Technical information
- Licensing authority: FCC
- Facility ID: 55372
- ERP: 1,000 kW
- HAAT: 379 m (1,243 ft)
- Transmitter coordinates: 46°40′29″N 96°13′40″W﻿ / ﻿46.67472°N 96.22778°W
- Translator(s): see § Satellite stations and § Translators

Links
- Public license information: Public file; LMS;
- Website: www.kvrr.com

= KVRR =

Television station in Fargo, North Dakota

KVRR (channel 15) is a television station in Fargo, North Dakota, United States, affiliated with the Fox network. Owned by Coastal Television Broadcasting Company, the station maintains studios on South 40th Street and South 9th Avenue in Fargo, and its transmitter is located near Tansem, Minnesota. KVRR also handles master control and some internal operations for sister station and fellow Fox affiliate KQDS-TV in Duluth, Minnesota.

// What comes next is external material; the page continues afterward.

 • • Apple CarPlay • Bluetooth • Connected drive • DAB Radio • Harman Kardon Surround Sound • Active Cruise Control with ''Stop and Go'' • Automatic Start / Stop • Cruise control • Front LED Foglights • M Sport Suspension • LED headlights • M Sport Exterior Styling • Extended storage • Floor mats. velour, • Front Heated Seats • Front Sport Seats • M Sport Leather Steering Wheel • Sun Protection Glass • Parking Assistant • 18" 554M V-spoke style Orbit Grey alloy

KVRR's programming is simulcast on three full-power satellite stations: KJRR (channel 7) in Jamestown, North Dakota, KBRR (channel 10) in Thief River Falls, Minnesota (serving the Grand Forks area), and KNRR (channel 12) in Pembina, North Dakota (which also covers parts of southern Manitoba, Canada, including Winnipeg).

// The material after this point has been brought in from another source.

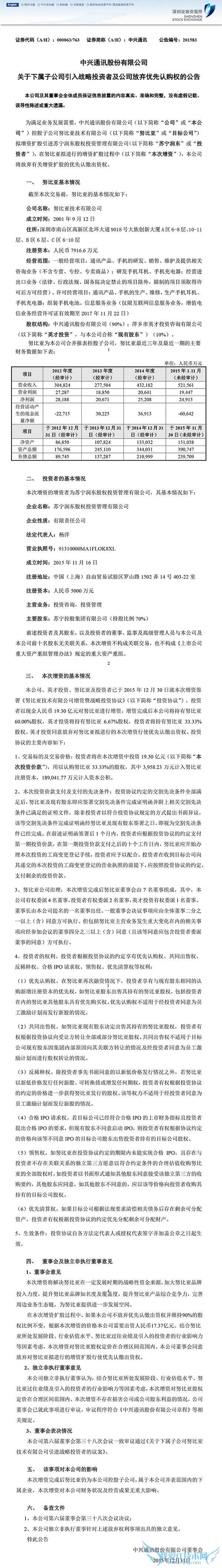 科技讯 12月31日消息,今日,努比亚与苏宁共同发布公告,苏宁宣布19.3亿元投资新三板挂牌公司中兴物联(中兴物联为努比亚全资子公司),占股33.3%,目前努比亚估值约10亿美金(60亿人民币)。

KVRR was the flagship television property of previous owner Red River Broadcasting, which owned the station from its inception until its sale to Coastal in 2024.

==History==
The station first signed on the air on February 14, 1983, under the callsign KVNJ-TV, which was inspired by an FM station that launched in 1947. It was the first independent station in the Dakotas, as well as the first new standalone full-power commercial station to sign on in the Fargo–Grand Forks market in 29 years. WDAZ-TV (channel 8) in Grand Forks had signed on in 1967, but is co-owned with Fargo's WDAY-TV (channel 6).

The station changed its call letters to KVRR in 1985; that year, KBRR signed on from Thief River Falls as a satellite station serving Grand Forks. Satellite station KNRR signed on from Pembina in 1986, with intentions to target Winnipeg and southern Manitoba. Shortly afterward, on October 6, 1986, the three-station network became a charter affiliate of the upstart Fox network. However, like most early Fox affiliates, the stations still programmed themselves as independents, since Fox carried only one program at the time (The Late Show Starring Joan Rivers). KJRR in Jamestown joined KVRR's regional network in October 1988. KJRR served as the network's affiliate for the eastern portion of the Bismarck television market (excluding the city of Bismarck itself) until November 1999, when KNDX signed on as Fox's first affiliate in central North Dakota.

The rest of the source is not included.